§ Task brief: Return all the lines below exactly. Any picture among them is omitted.

===== Collected material

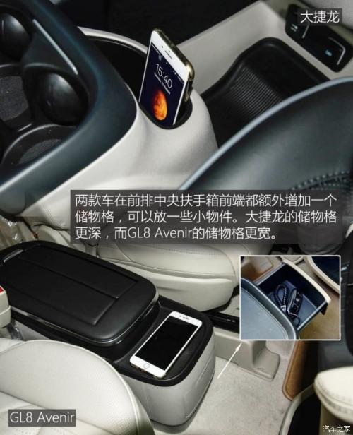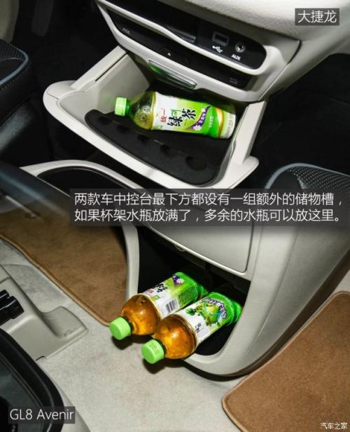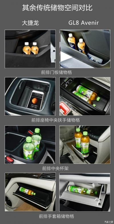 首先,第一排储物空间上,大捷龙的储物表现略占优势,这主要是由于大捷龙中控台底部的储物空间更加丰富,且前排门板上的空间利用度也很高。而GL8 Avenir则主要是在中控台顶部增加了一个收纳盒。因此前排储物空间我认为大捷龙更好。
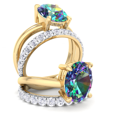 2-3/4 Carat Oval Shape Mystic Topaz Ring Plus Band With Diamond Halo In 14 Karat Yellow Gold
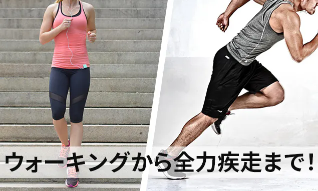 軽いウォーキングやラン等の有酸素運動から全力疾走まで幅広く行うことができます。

==========

§ Solution to this problem:
 首先,第一排储物空间上,大捷龙的储物表现略占优势,这主要是由于大捷龙中控台底部的储物空间更加丰富,且前排门板上的空间利用度也很高。而GL8 Avenir则主要是在中控台顶部增加了一个收纳盒。因此前排储物空间我认为大捷龙更好。
 2-3/4 Carat Oval Shape Mystic Topaz Ring Plus Band With Diamond Halo In 14 Karat Yellow Gold
 軽いウォーキングやラン等の有酸素運動から全力疾走まで幅広く行うことができます。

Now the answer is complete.